Scrum is a framework with which people address and solve complex problems in an adaptive manner, while delivering the highest value products in a rewarding and creative way. According to Schwaber and Sutherland, the authors of the Scrum guide [Scrum 2017], Scrum is:
- simple to understand
- difficult to master.
Scrum is a framework that creates value for the client in an Agile way. Scrum is not a process or technique for developing software products; it is a framework within which you can apply various processes and techniques.
The Scrum framework is built upon Scrum teams and their corresponding roles, events and products. Scrum assumes that knowledge arises from experience and taking decisions based on what is known. The team size could vary from three to nine people, excluding the Scrum master and the product owner. Scrum uses an iterative, incremental approach to optimize transparency and control risks.

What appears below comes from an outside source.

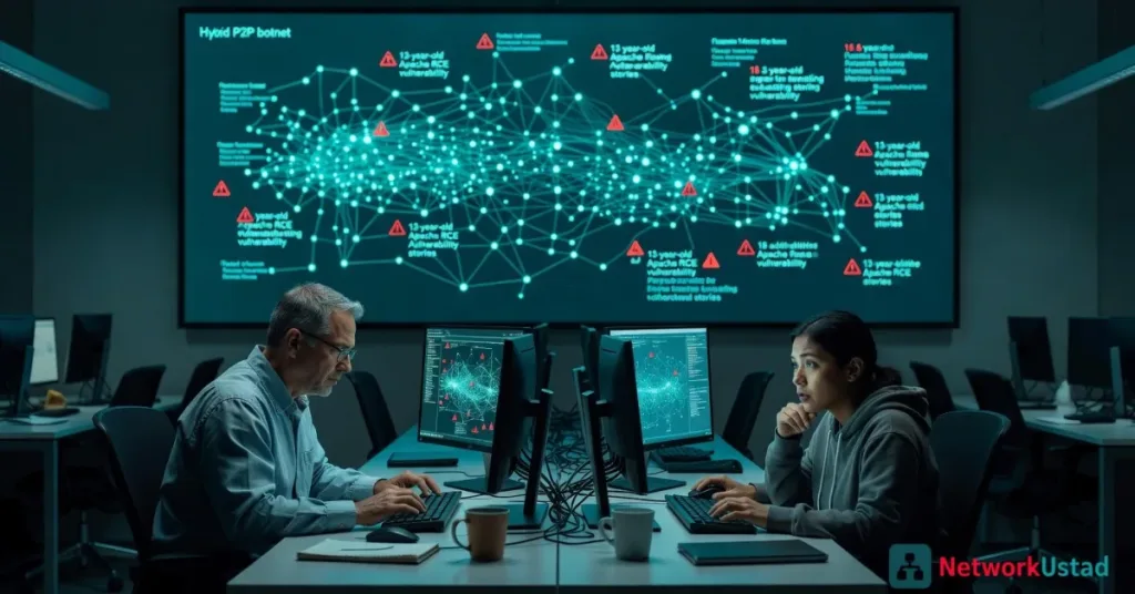 A hybrid peer-to-peer botnet has infiltrated enterprise networks by exploiting unpatched endpoints, commandeering devices for distributed denial-of-service attacks that overwhelm bandwidth with sustained throughput exceeding 10 Gbps per infected node. This development coincides with the resurgence of a 13-year-old remote code execution vulnerability in Apache Struts, where attackers inject malicious payloads via the framework’s action mapper, bypassing outdated encryption protocols in legacy web applications. These incidents, part of a broader bulletin encompassing 18 additional threats, underscore how dormant flaws gain new potency through modern attack architectures.

The Scrum framework consists of roles, events and artifacts.
The Scrum team consists of a product owner, a Scrum master, and the development team. The term "development team" causes a lot of confusion because the team is not just responsible for development but for all activities necessary to deliver business value. Therefore, we prefer to refer to "team" or "Scrum team". Scrum teams are self-organizing and cross-functional. Self-organizing teams make their own choices when deciding on the best way to implement their work, instead of being instructed by someone outside the team.
Scrum makes use of prescribed events to give the team structure and regularity, and to ensure that the sprint runs smoothly. Scrum makes use of timeboxes, so that every occurrence is bound by a maximum duration, and the most important matters (e.g. highest business value, highest risks, most refined) are dealt with first. When the timebox has expired, the most important matters have been covered, and insight gives a clear indication of what is still necessary. This ensures that the proper amount of time is spent on planning without loss of value ("waste") in the planning process. The events have been specifically designed to enable transparency and to create a fixed rhythm for the team. Not implementing one of these events results in a decline of effectiveness and transparency. Scrum supports the events: sprint, sprint planning, daily Scrum, sprint review and sprint retrospective.

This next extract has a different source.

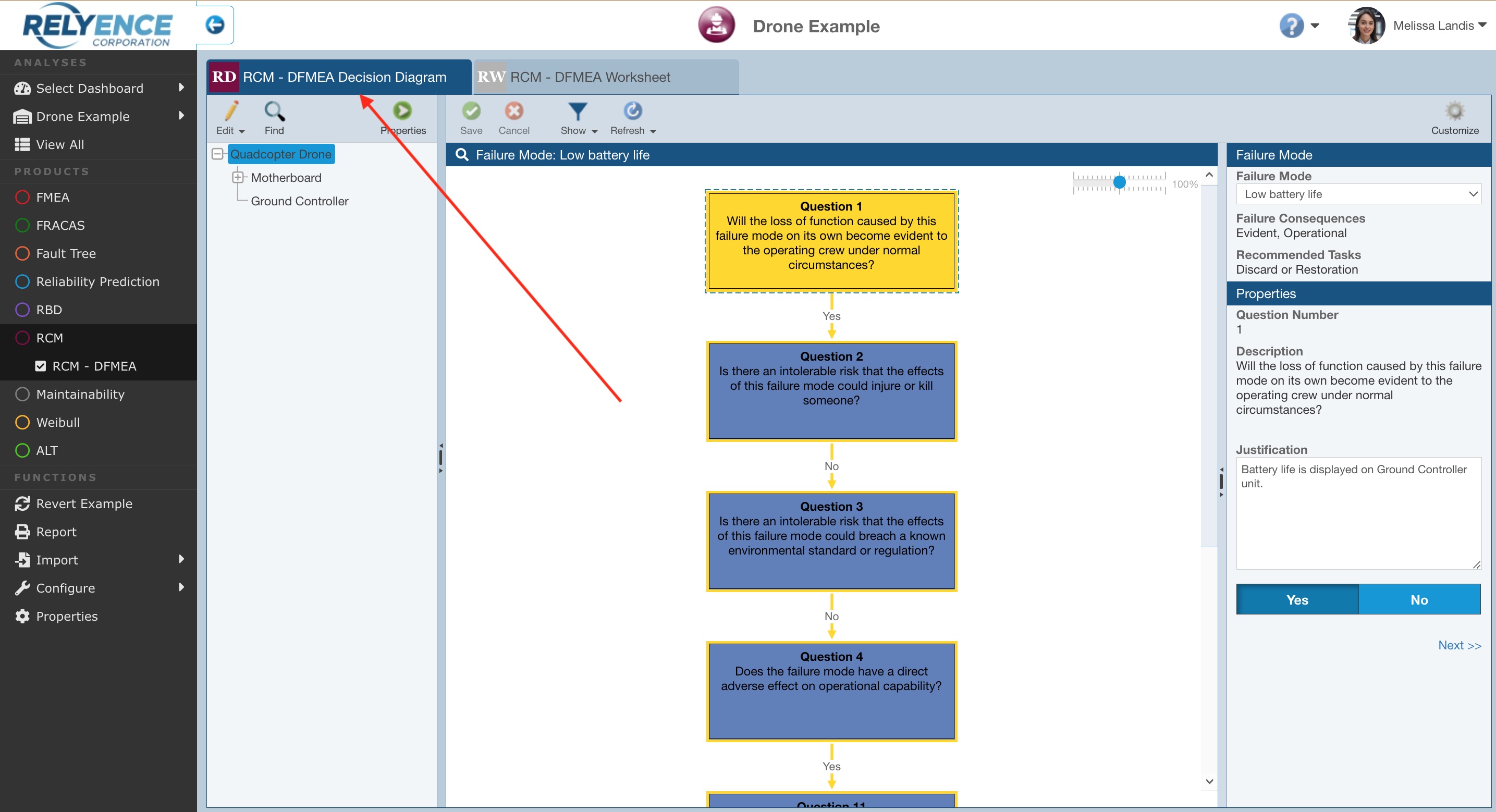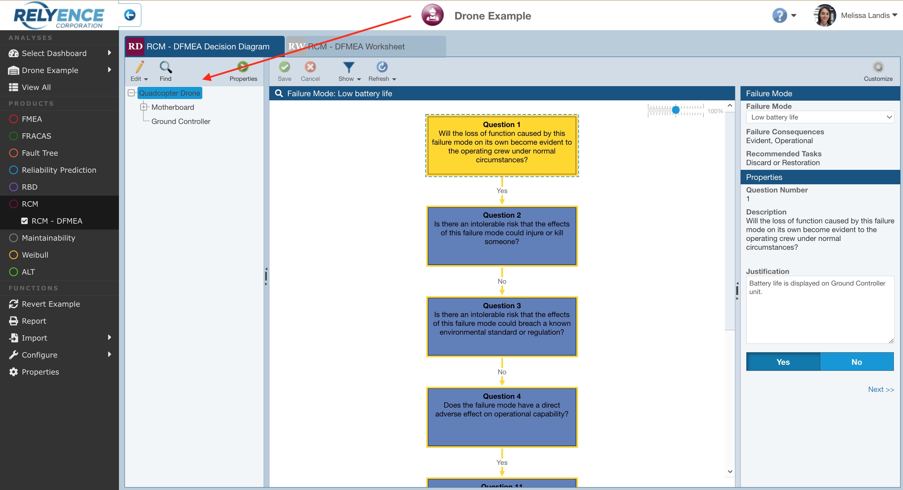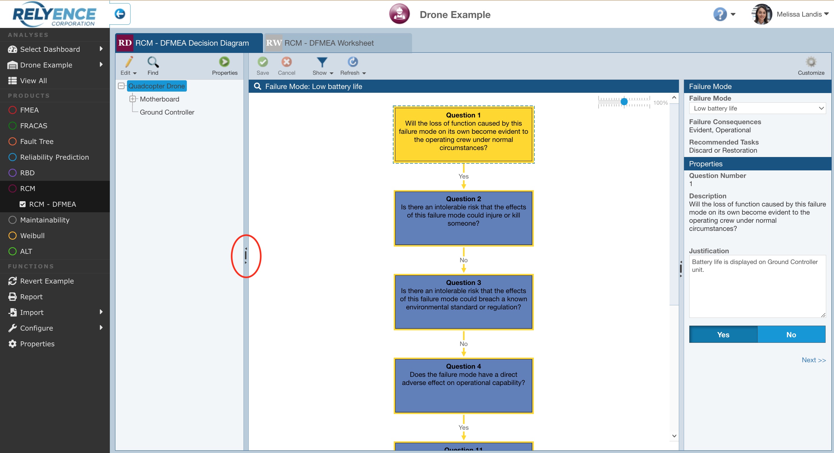 Select Show>Selection Only for the Low battery life Failure Mode. Click Next>> and review the series of Questions and Answers and noted Justifications. Note that the end result is to periodically replace the battery to avoid a battery failure and mitigate the probability of a damaged drone.

Many teams see a backlog refinement as a useful addition to the Scrum events.
When multiple teams have to work together, they may implement a scrum-of-scrums where a representing member of each team gathers to align between teams.

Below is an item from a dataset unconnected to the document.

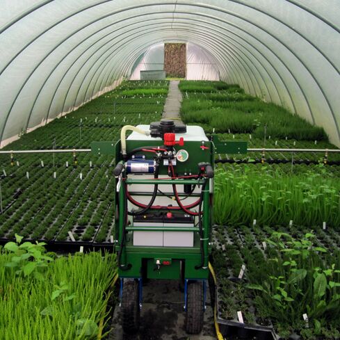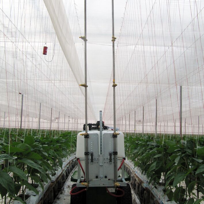 Thanks to the electric locomotion and the possibility of a constant speed when spraying the crop protection agent, extremely precise application over a wide area can be achieved.

Scrum works with the following artifacts: product backlog, sprint backlog, and products ("increment"). In addition, Scrum works most effectively when a "Definition of Done" has also been formulated. Although this is not mentioned in the Scrum guide, a Definition of Ready (both Business Ready and Sprint Ready) and a Definition of Shippable are also used by Scrum teams. Burndown charts are often used by the teams for transparency regarding progress.